RECORDED DATA =

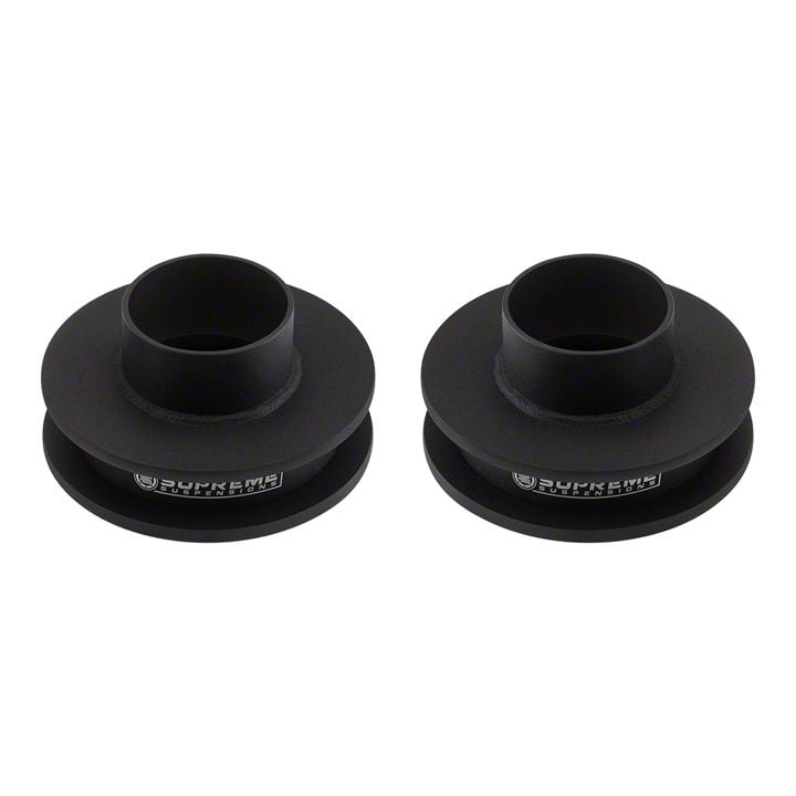 Achieve a Level Stance with Supreme Suspensions Front Spring Spacer Kit. This leveling kit is designed to raise the front end by 2 inches, providing a balanced, leveled appearance. Ideal for RAM 3500 owners who want improved ground clearance, it’s a practical solution for those seeking enhanced vehicle aesthetics and functionality without a full lift.
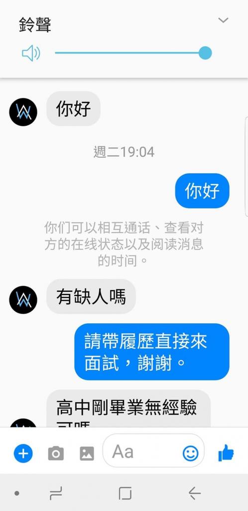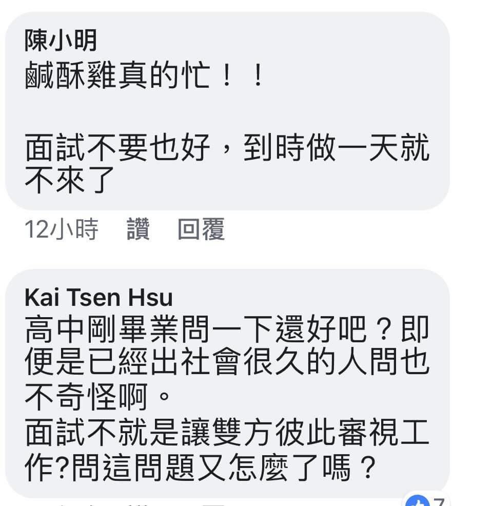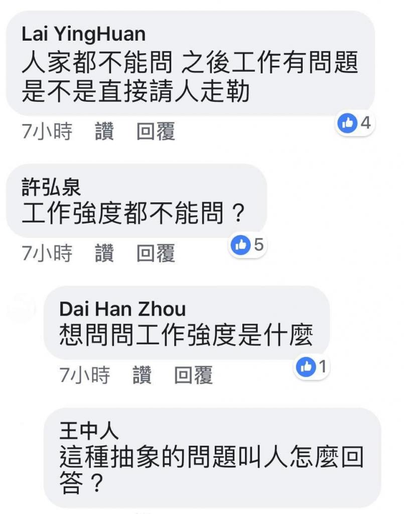 「為也是覺得他問一下而已並無不妥,他不是問(薪水多少、幾天假、有沒有三節獎金)什麼都還沒做到就在問福利的就叫他慢走,不需要這麼極端的回答或許他剛傳社會怕太難的他無法勝任至少他有先請教避免造成你的困擾。不要當慣老闆也不要請到無責任感的員工。 」
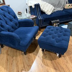 Velvet Blue, Tufted, Armchair, And Ottoman$50Boring, OR
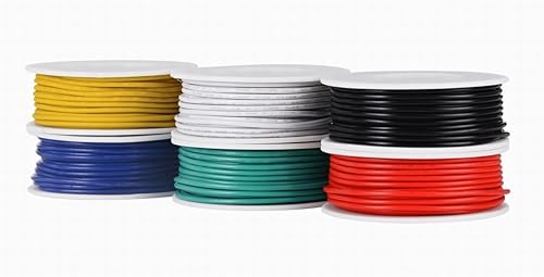 TUOFENG 22 AWG Elektronik kabel set verzinnter Kupferdraht Kit 0,32mm² Flexibler Litzen Silikon Leitungen Draht(6 verschiedene farbige 8 Meter Spulen)

YOUR OBJECTIVE =
Print every line of the data exactly. Pictures do not belong in the copy.

EXERCISE OUTPUT =
 Achieve a Level Stance with Supreme Suspensions Front Spring Spacer Kit. This leveling kit is designed to raise the front end by 2 inches, providing a balanced, leveled appearance. Ideal for RAM 3500 owners who want improved ground clearance, it’s a practical solution for those seeking enhanced vehicle aesthetics and functionality without a full lift.
 「為也是覺得他問一下而已並無不妥,他不是問(薪水多少、幾天假、有沒有三節獎金)什麼都還沒做到就在問福利的就叫他慢走,不需要這麼極端的回答或許他剛傳社會怕太難的他無法勝任至少他有先請教避免造成你的困擾。不要當慣老闆也不要請到無責任感的員工。 」
 Velvet Blue, Tufted, Armchair, And Ottoman$50Boring, OR
 TUOFENG 22 AWG Elektronik kabel set verzinnter Kupferdraht Kit 0,32mm² Flexibler Litzen Silikon Leitungen Draht(6 verschiedene farbige 8 Meter Spulen)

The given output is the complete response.